Allow me to explain. Pretty much all textiles that are not linen, hemp, silk or cotton are made from petrochemicals. All of these synthetics are non-biodegradable as well.

Sherri Mason, a researcher at SUNY in New York, recently talked about cutting open a Great Lakes fish. What she found inside were synthetic fibers, and they were everywhere. Under a microscope, they seemed to be "weaving themselves into the gastrointestinal tract." Studies indicate that the fibers in our clothes could be poisoning our waterways and food chain on a massive scale. Microfibers–tiny threads shed from fabric–have been found in abundance on shorelines where wastewater is released. In a 2016 study, researchers at the University of California at Santa Barbara found that, on average, synthetic fleece jackets release 1.7 grams of microfibers each wash. It also found that older jackets shed almost twice as many fibers as new jackets. "These microfibers then travel to your local wastewater treatment plant, where up to 40 percent of them enter rivers, lakes and oceans," according to findings published on the researchers' website.

Those fibers are bio-accumulating in the fish. Microbeads, recently banned in the U.S., are a better-known variety of microplastic, but recent studies have found microfibers to be even more pervasive.

In a groundbreaking 2011 paper, Mark Browne, now a senior research associate at the University of New South Wales, Australia, found that microfibers make up 85 percent of human-made debris on shorelines around the world. That's a pretty disgusting thought.

Add to that the problems with manufacturing. Nylon manufacturing creates nitrous oxide, a greenhouse gas 310 times more potent than carbon dioxide. Making polyester uses large amounts of water for cooling, along with lubricants which can become a source of contamination. Both processes are also very energy-hungry. Rayon, which is made from wood pulp, is treated with hazardous chemicals such as caustic soda and sulfuric acid. Cotton that would seem like the easiest answer, except it's drinking up our water and getting it contaminated. Half of the world's clothing is cotton. About 20 million tons are produced annually. It can take more than 5,283 gallons of water to make a single T-shirt and pair of jeans.

Seventy-three percent of global cotton harvest comes from irrigated land, and the groundwater is getting contaminated.

So, my answers are these: Buy used clothes. Maybe downsize your wardrobe as well.

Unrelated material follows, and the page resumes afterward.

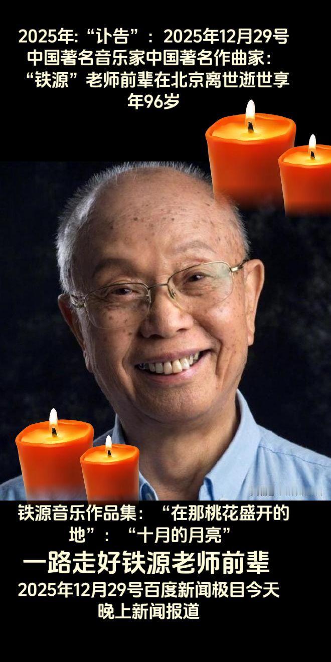 2025年12月29号中国著名表演艺术家中国词作曲家铁源老师前辈与今天上午在首都北京离世逝世享年96岁:“一路走好铁源老师前辈”央视6公主蓝羽与:“十五的月亮”

Hemp is another option. It's about three times the tensile strength of cotton; mold and UV resistant; and uses very little water, pesticides or fertilizers. Until the 1920s, about 80 percent of the clothing in the U.S. was made from hemp. Minnesota had 11 hemp mills at one time. This year, I joined 26 other Minnesotans to secure a state of Minnesota permit to grow industrial hemp. I've got my first 15 acres in to produce hemp for fiber and for seed. I hope one day to produce hemp for fabric. I am growing hemp on tribal land in the middle of the Ponsford Prairie, where my organic hemp crop is surrounded by 11,000 acres of land leased or under production for potato farming by RDO Offutt. Rather ironic, to say the least. Some days I look across our prairie and say, "One Day this too will be Hemp". Well, I gotta start somewhere, and it's either hemp or go naked. And, that muffin top is staying put for now.